## INPUT
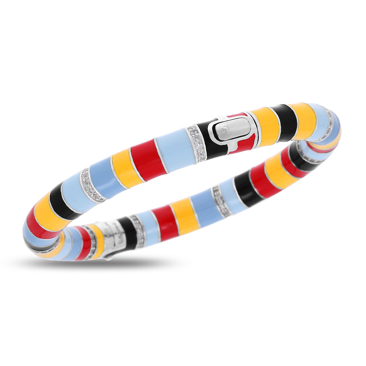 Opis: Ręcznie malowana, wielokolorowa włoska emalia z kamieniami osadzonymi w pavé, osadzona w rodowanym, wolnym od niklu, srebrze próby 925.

--

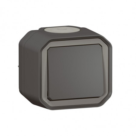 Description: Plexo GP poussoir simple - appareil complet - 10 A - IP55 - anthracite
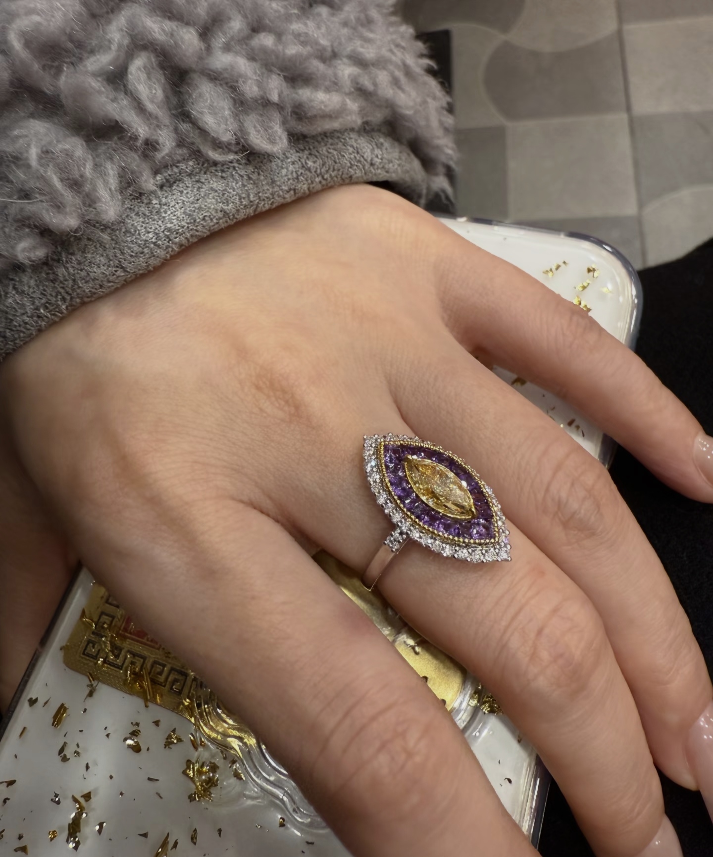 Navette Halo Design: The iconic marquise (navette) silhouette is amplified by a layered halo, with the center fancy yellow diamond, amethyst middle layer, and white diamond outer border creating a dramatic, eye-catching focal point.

## WORK REQUEST
When you reach the line containing "Description: Plexo GP" in the entries above, begin restating word for word, and stop once the line containing "Navette Halo Design: The" has been given. Omit the pictures.

## RESULT OF THE EXERCISE
 Description: Plexo GP poussoir simple - appareil complet - 10 A - IP55 - anthracite
 Navette Halo Design: The iconic marquise (navette) silhouette is amplified by a layered halo, with the center fancy yellow diamond, amethyst middle layer, and white diamond outer border creating a dramatic, eye-catching focal point.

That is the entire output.